Today’s training called for swimming. As with a lot of my training recently, I’ve finally been getting back on track with what I should be doing. With my Sprint Triathlon coming, I really want to make sure to be getting my swimming in just for peace of mind.
Today my goal when I went to the pool was to just swim. I wanted to just remind myself that I can do this. So I swam and I swam and I swam some more. Not stopping. No putting my feet down. I wanted to do 20 lengths of the pool which is 1/4 mile as with my Tri it was not all smooth or pretty. What it ended up being was 24 lengths. I was feeling good so I thought more is better.
The thing about swimming in the pool is there is no panic. There are no waves crashing in my face and there is no mental game. One day I hope to swim this event feeling confident in my swim and not that I am going to drown. I’m not sure that will ever happen, but that’s ok. If one thing the swim does, it teaches me not to give up.
In my coach’s last email to me she told me to “keep it easy.” It’s funny this seems to be the motto for this event. In looking at my results this last few years is that I keep it easier and easier….
Case in Point
Total Swim T1 Bike T2 Run Standings
Sept 8, 2013 01:34:10 23:13 3:43 34:22 3:34 29:18 582/1142
Sept 7, 2014 01:53:13 20:03 3:27 1:01:34 1:15 27.54 356/833
**2014 Iron Girl bike miles were 15 compared to Iron Girl 2013 at 10
Sept 13, 201515 2:12:42 20:53 6:21 11:11:07 2:30 31.53 522/729
It seems like every year I am keeping it easier and easier. I don’t think this year will be any exception especially since I am running 14 miles the day before, not wearing my Garmin, and haven’t been on my bike all summer. In looking at these results I realize that I’ve been pretty consistent with my swim probably since I do it as a cross training exercise. My bike, on the other hand hasn’t really left my shed a lot this summer.
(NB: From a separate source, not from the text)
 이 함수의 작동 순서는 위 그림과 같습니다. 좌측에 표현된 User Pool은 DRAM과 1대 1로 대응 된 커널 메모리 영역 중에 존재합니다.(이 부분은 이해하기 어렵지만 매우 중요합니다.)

My Bad.
So I’m throwing the gauntlet down. This year, I expect nothing. I, as always, expect it to be hard. I expect to finish, but I do not expect to break any records.
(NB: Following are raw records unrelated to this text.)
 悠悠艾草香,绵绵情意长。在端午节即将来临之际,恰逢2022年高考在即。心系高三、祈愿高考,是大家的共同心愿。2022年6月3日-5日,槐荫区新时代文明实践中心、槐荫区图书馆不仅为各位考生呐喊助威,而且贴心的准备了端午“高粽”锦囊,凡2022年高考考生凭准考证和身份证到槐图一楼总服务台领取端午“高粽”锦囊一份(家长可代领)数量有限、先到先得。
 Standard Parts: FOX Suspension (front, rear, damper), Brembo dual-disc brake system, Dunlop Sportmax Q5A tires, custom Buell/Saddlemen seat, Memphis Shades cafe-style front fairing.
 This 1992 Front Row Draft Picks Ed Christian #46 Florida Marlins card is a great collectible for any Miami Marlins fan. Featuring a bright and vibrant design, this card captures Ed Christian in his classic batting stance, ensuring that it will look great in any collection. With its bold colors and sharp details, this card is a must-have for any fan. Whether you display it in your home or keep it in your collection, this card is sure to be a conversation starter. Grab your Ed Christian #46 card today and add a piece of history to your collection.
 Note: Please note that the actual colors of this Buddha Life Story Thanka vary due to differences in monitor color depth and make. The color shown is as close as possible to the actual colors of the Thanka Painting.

Some might ask why I continue to do this race if I am not actually planning to race it hard. I do it because as my friend who knows me so well so correctly put it. It reminds me of where I started. It holds a special place in my heart.
No this race has never been good as the first year when both the training and actual race was done with friends. Yes, it is a little sad going to a big event by yourself and not sharing the day with anyone. But that also doesn’t take away from how much I enjoy it. So I will suit up, make the lonely drive at 4:30 in the morning, and run this event in a week and not regret a single minute of it. This is the one event that I can honestly say that I would miss if I didn’t do it.